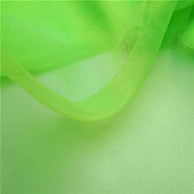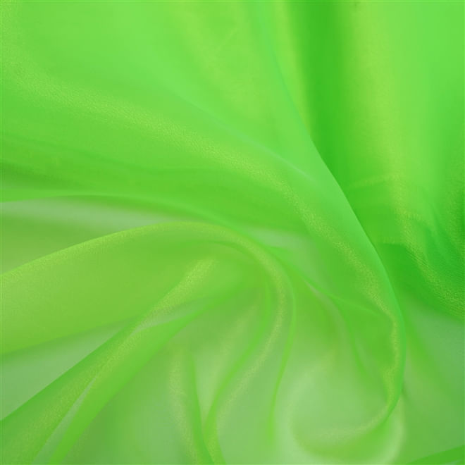 Muito semelhante a versão de seda, a organza cristal é excelente pela sua durabilidade, economia e versatilidade. É um tecido com leve brilho e extremamente armado, muito utilizado para vestidos de festas infantis e debutantes. Esse tom de verde faz parte da moda dopamina e está super em alta!
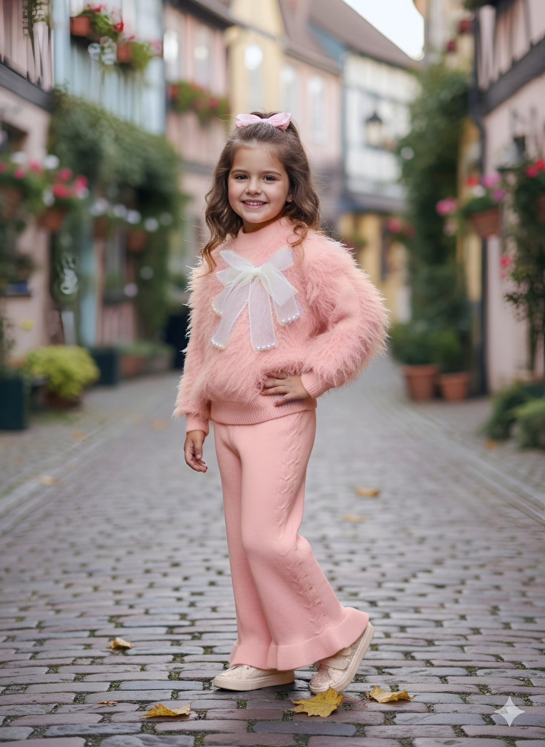 Girls Knitted Co-Ord Set With Faux Fur Detailing [GCS-6607](1-6 Years)
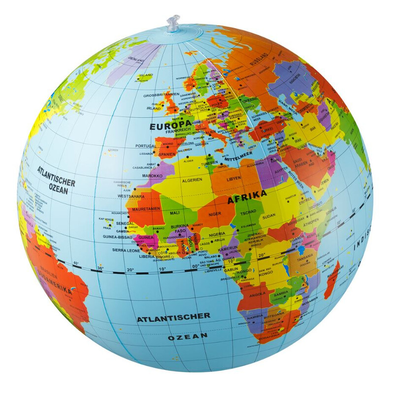 Den här uppblåsbara globen är ett roligt sätt för Kinder att lära sig om världens länder. Globen i en originell och färgglad design lär ut jordens länder, kontinenter, hav, huvudstäder och breddgrader. Det medföljer 3 spelförslag som gör det ännu lättare att lära känna vår planet.
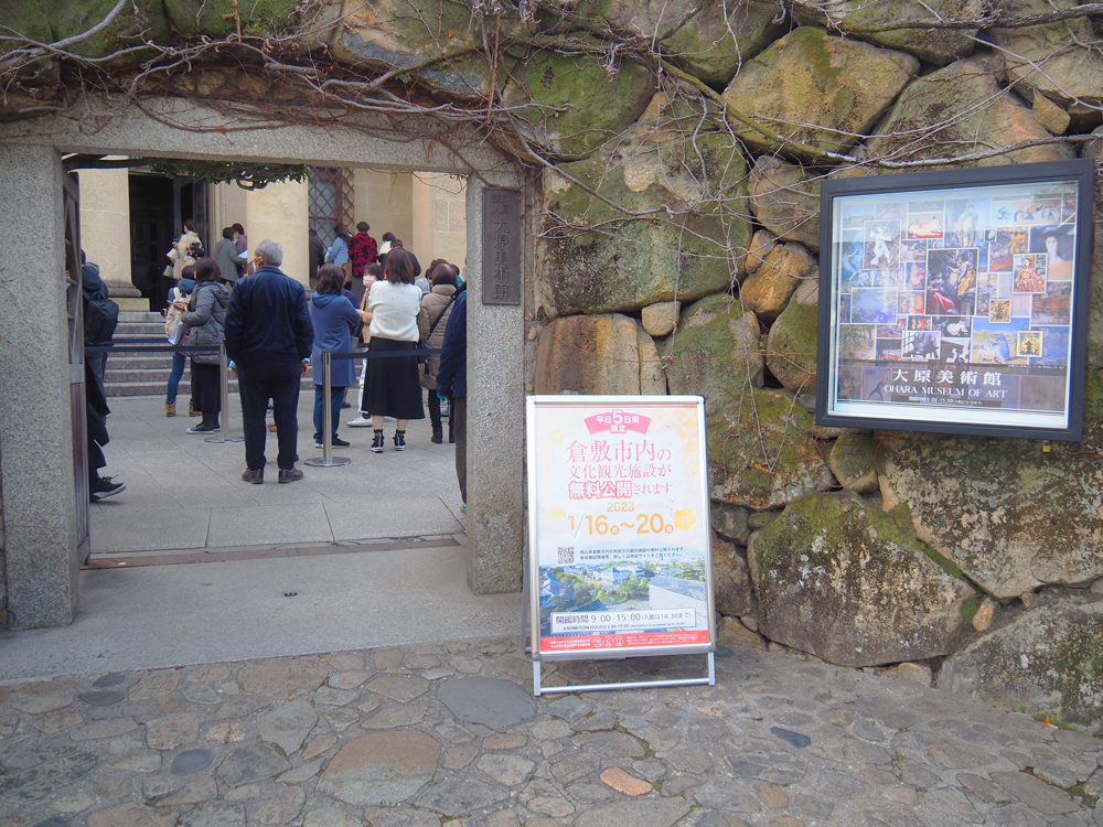 本日は1月17日で、2023年1月16日から20日まで倉敷の文化施設がほとんど無料で入館できると言う催しがあったのでした。
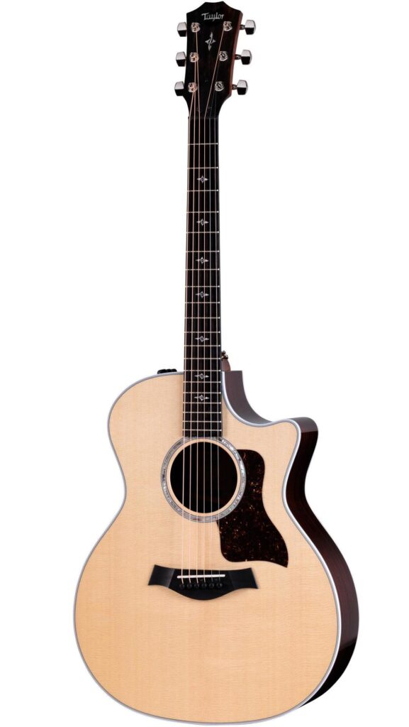 The Grand Auditorium 414ce boasts the time-honored tonewood pairing of Indian rosewood topped with Sitka spruce, yielding a lush, blooming overtone profile to complement its bell-like trebles, throaty lows and room-filling volume. It’s available in natural and tobacco sunburst finishes.
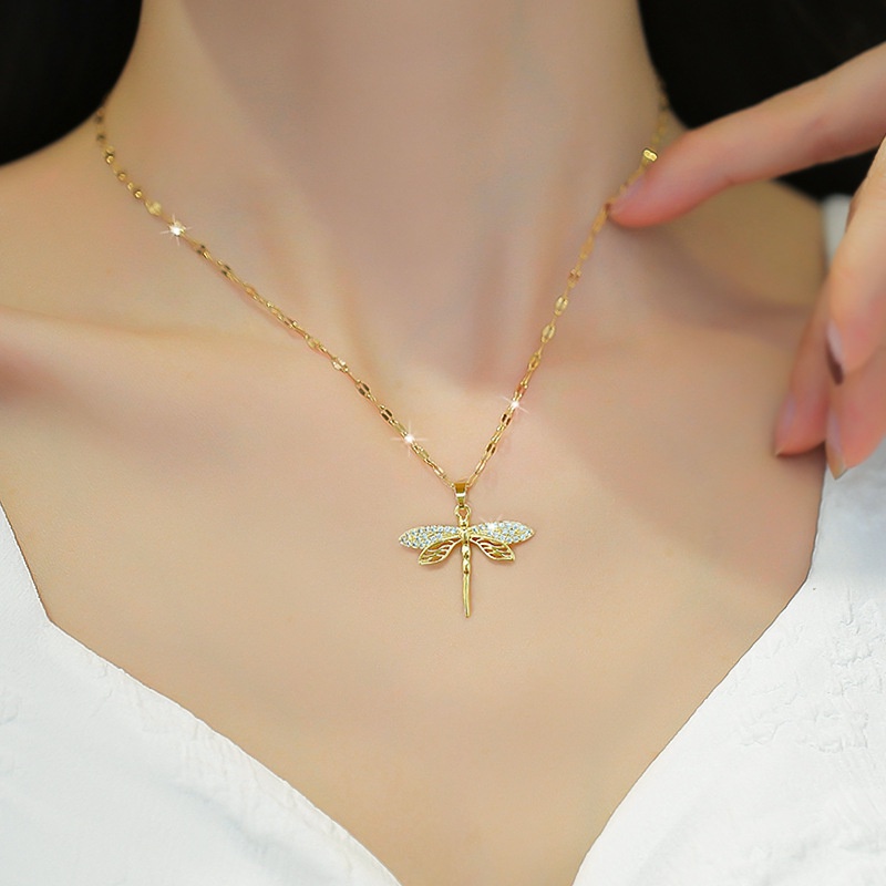 Detail Kadar Tinggi Baru Indah Fashion Wanita Korea Zirkon Capung Liontin Emas Asli Kadar 375 Kalung Hadiah Pacar XL-23028
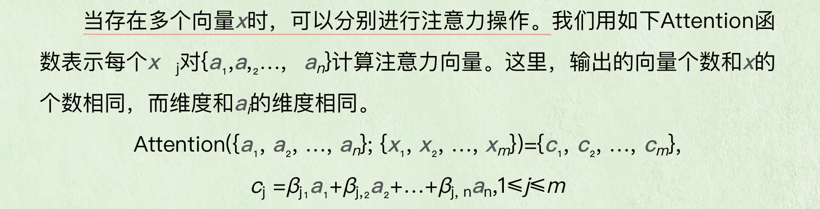 - 被注意的对象,为一组向量{a1,a2,…,n},如输入文本的词向量
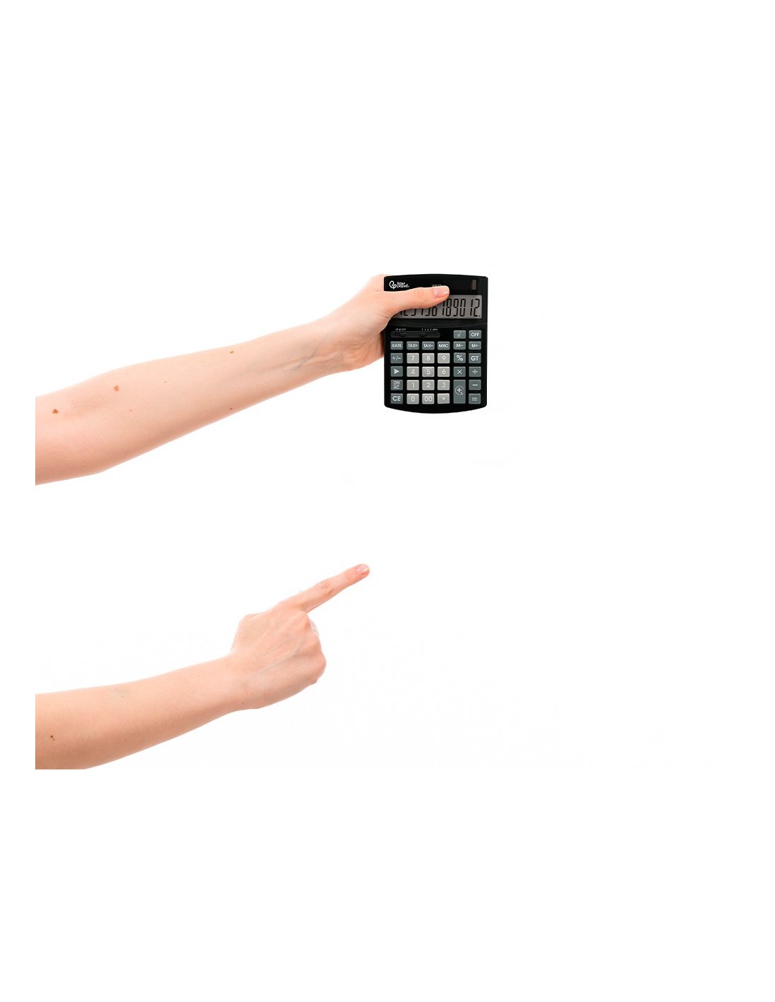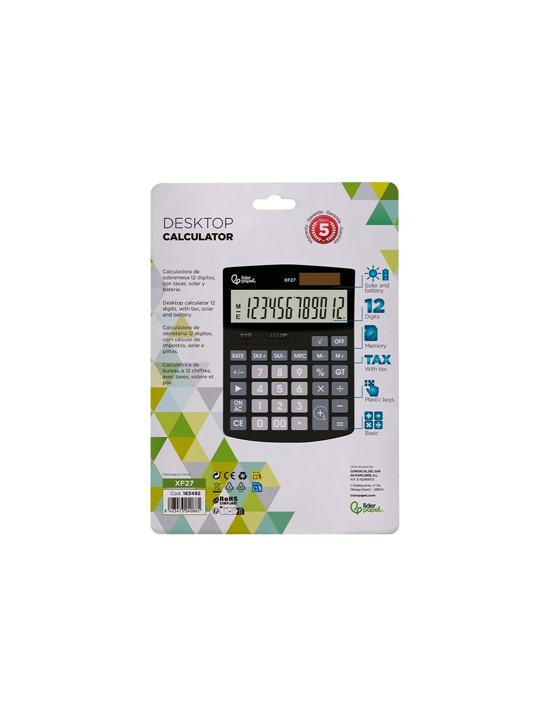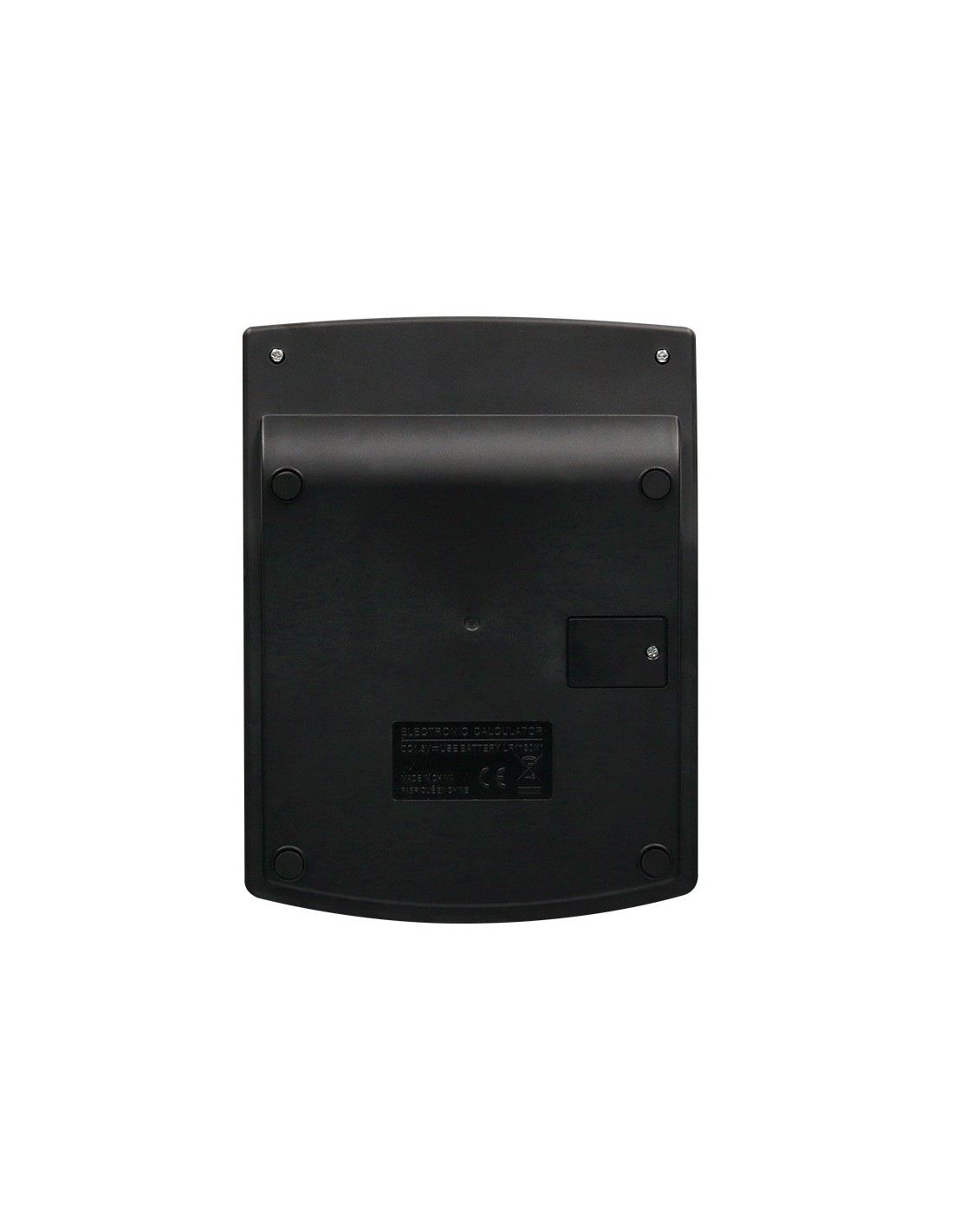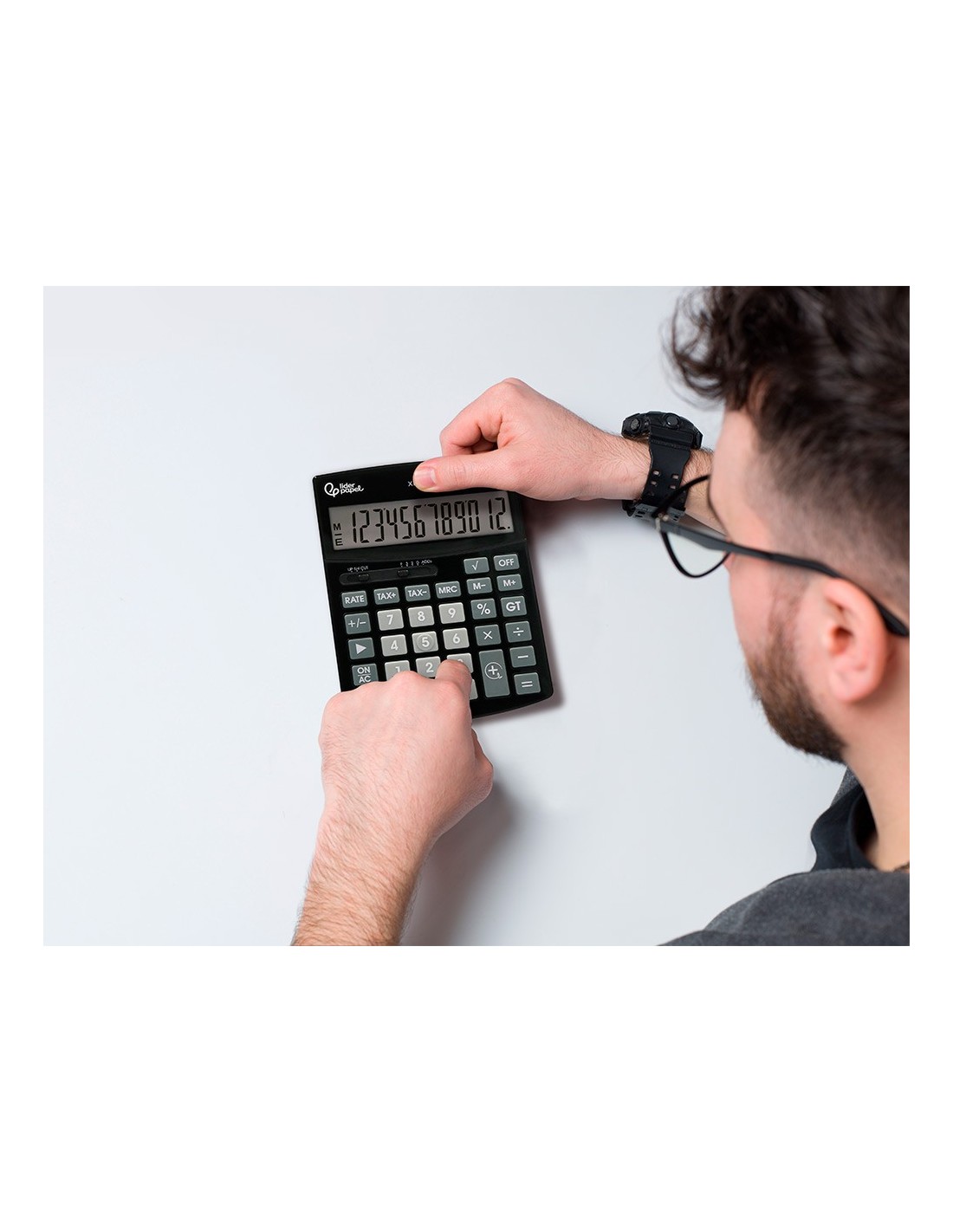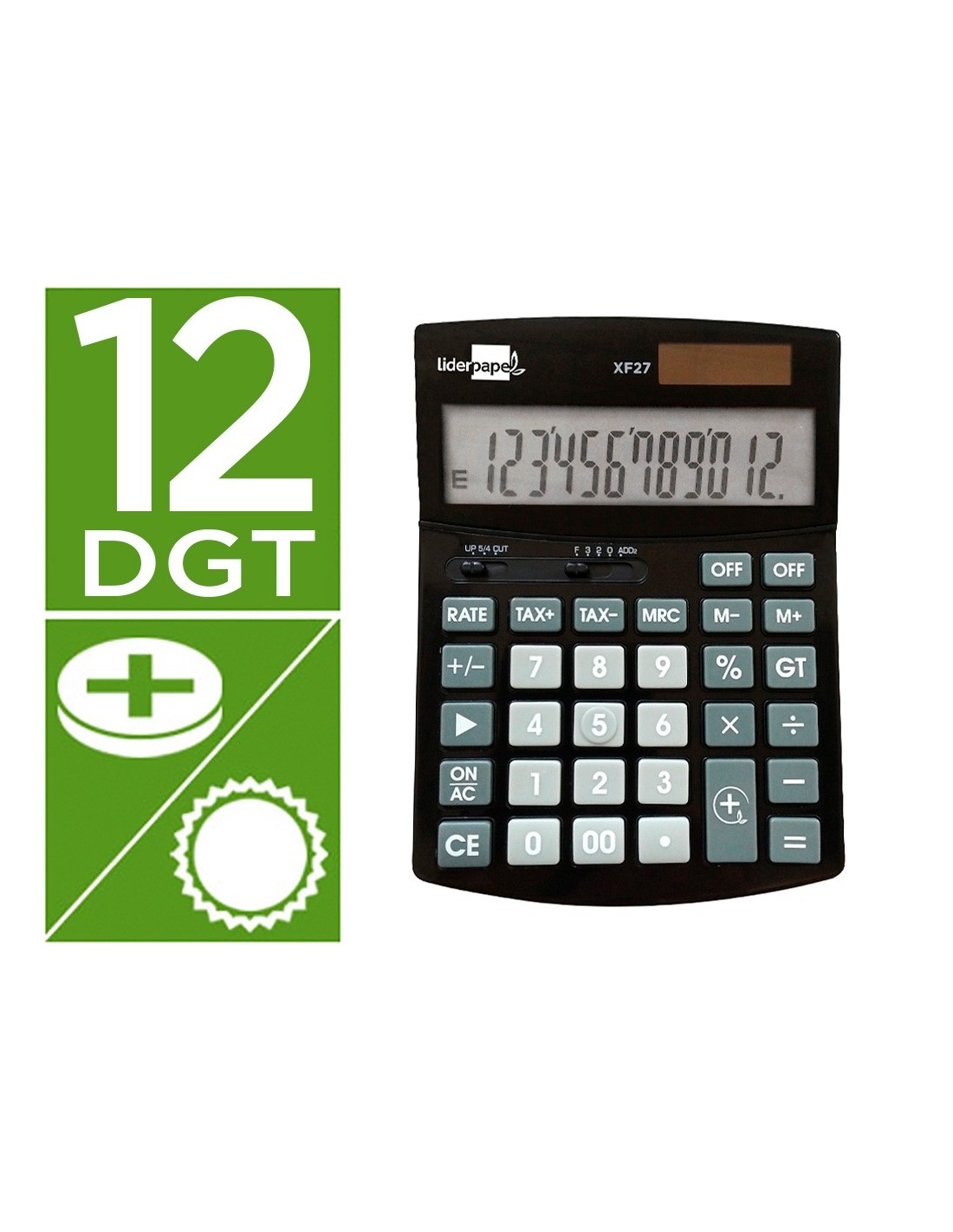 Calculadora de sobremesa de 12 dígitos. Teclas de encendido y apagado. Funciones de tasas y ratio, redondeo decimal, posición decimal, función GT. Tecla doble cero y de corrección de entrada. Solar y a pilas. Funciona con pilas LR1130. Color negro. Medidas: 155 x 115 x 25 mm. Peso: 265 g.
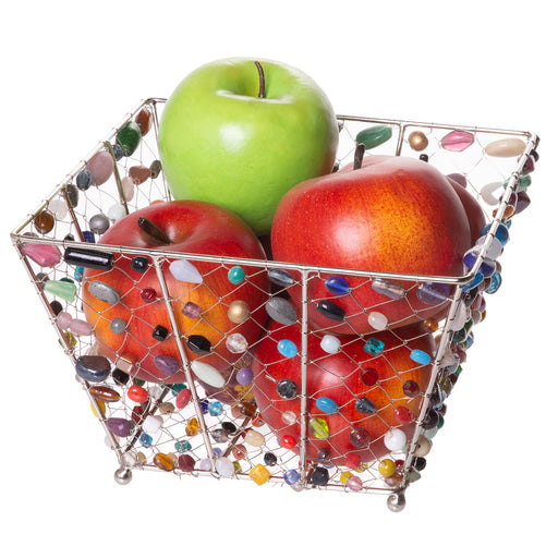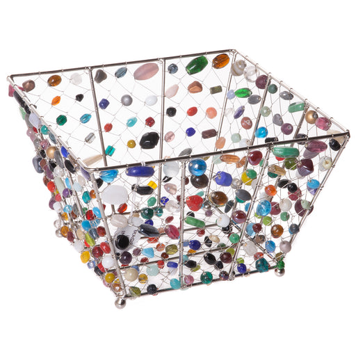 Features beautiful harmoniously blended colored beads and pebbled in a mesh wire design on an aluminum frame. Use as a catch-all tray for your keys...
....
Problem requirements: Could you print all the entries exactly as they stand, with the pictures left out?

Result below:
 Muito semelhante a versão de seda, a organza cristal é excelente pela sua durabilidade, economia e versatilidade. É um tecido com leve brilho e extremamente armado, muito utilizado para vestidos de festas infantis e debutantes. Esse tom de verde faz parte da moda dopamina e está super em alta!
 Girls Knitted Co-Ord Set With Faux Fur Detailing [GCS-6607](1-6 Years)
 Den här uppblåsbara globen är ett roligt sätt för Kinder att lära sig om världens länder. Globen i en originell och färgglad design lär ut jordens länder, kontinenter, hav, huvudstäder och breddgrader. Det medföljer 3 spelförslag som gör det ännu lättare att lära känna vår planet.
 本日は1月17日で、2023年1月16日から20日まで倉敷の文化施設がほとんど無料で入館できると言う催しがあったのでした。
 The Grand Auditorium 414ce boasts the time-honored tonewood pairing of Indian rosewood topped with Sitka spruce, yielding a lush, blooming overtone profile to complement its bell-like trebles, throaty lows and room-filling volume. It’s available in natural and tobacco sunburst finishes.
 Detail Kadar Tinggi Baru Indah Fashion Wanita Korea Zirkon Capung Liontin Emas Asli Kadar 375 Kalung Hadiah Pacar XL-23028
 - 被注意的对象,为一组向量{a1,a2,…,n},如输入文本的词向量
 Calculadora de sobremesa de 12 dígitos. Teclas de encendido y apagado. Funciones de tasas y ratio, redondeo decimal, posición decimal, función GT. Tecla doble cero y de corrección de entrada. Solar y a pilas. Funciona con pilas LR1130. Color negro. Medidas: 155 x 115 x 25 mm. Peso: 265 g.
 Features beautiful harmoniously blended colored beads and pebbled in a mesh wire design on an aluminum frame. Use as a catch-all tray for your keys...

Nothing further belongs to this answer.